- [RECORDED DATA]
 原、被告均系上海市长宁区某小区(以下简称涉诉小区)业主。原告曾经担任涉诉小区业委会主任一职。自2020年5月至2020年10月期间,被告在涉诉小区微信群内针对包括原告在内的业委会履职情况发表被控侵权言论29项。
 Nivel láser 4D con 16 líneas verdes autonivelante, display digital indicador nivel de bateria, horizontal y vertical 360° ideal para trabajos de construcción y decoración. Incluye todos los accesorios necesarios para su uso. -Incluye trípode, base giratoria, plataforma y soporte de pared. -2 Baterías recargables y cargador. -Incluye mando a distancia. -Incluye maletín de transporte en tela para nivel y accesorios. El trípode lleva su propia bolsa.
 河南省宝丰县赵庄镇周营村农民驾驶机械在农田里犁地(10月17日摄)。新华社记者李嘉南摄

--

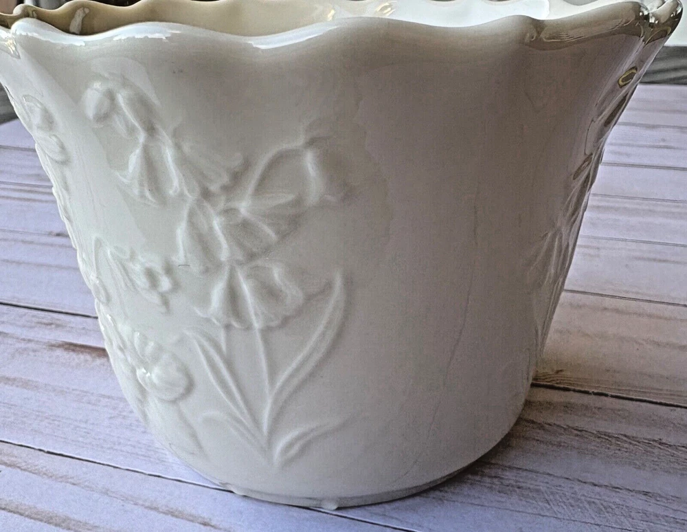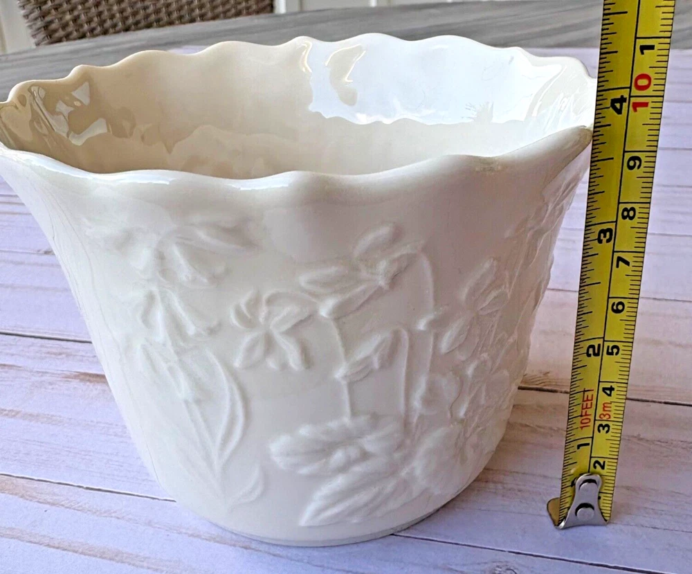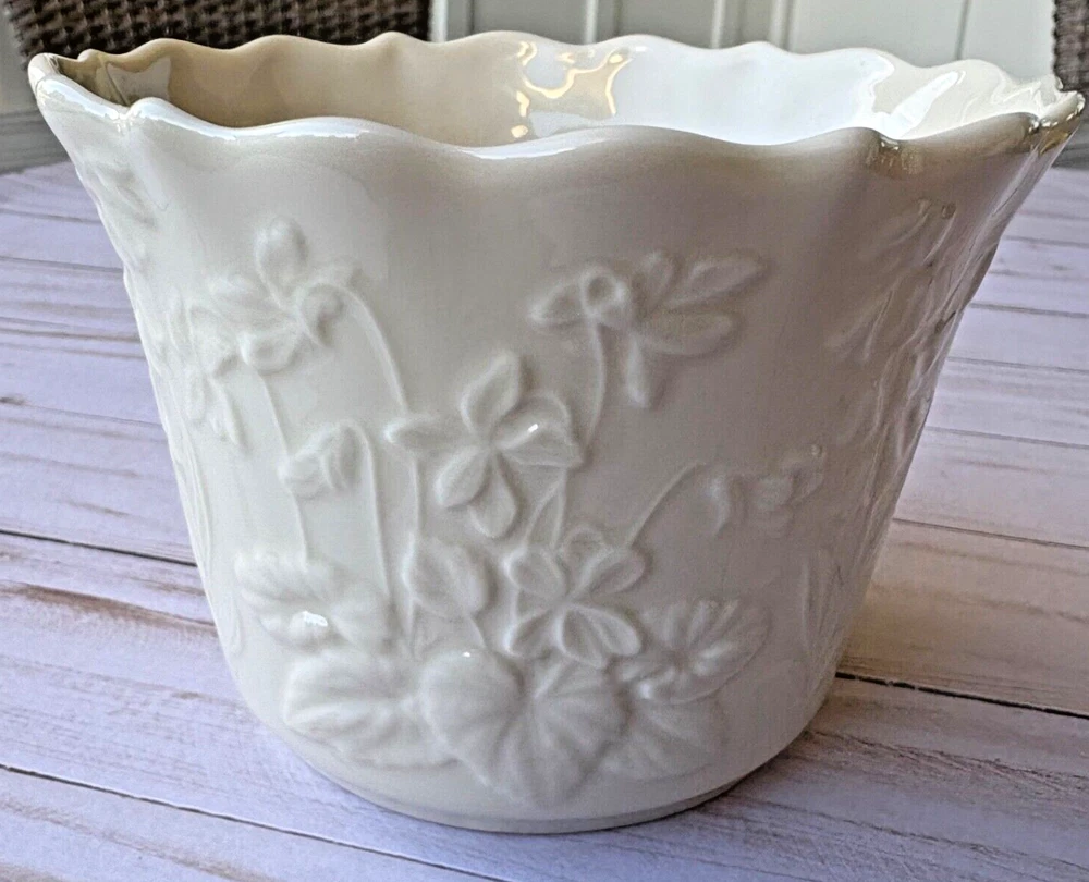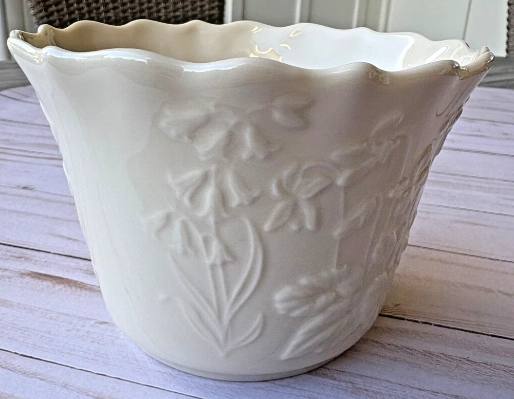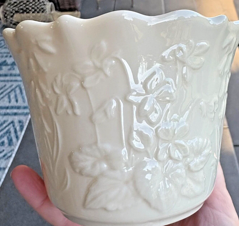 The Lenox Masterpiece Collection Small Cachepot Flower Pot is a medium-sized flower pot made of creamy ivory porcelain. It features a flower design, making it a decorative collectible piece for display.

- [TASK TO COMPLETE] Reproduce only the lines above spanning from the line containing "Nivel láser 4D" through the line containing "河南省宝丰县赵庄镇周营村农民", word for word.

- [SOLVED PROBLEM]
 Nivel láser 4D con 16 líneas verdes autonivelante, display digital indicador nivel de bateria, horizontal y vertical 360° ideal para trabajos de construcción y decoración. Incluye todos los accesorios necesarios para su uso. -Incluye trípode, base giratoria, plataforma y soporte de pared. -2 Baterías recargables y cargador. -Incluye mando a distancia. -Incluye maletín de transporte en tela para nivel y accesorios. El trípode lleva su propia bolsa.
 河南省宝丰县赵庄镇周营村农民驾驶机械在农田里犁地(10月17日摄)。新华社记者李嘉南摄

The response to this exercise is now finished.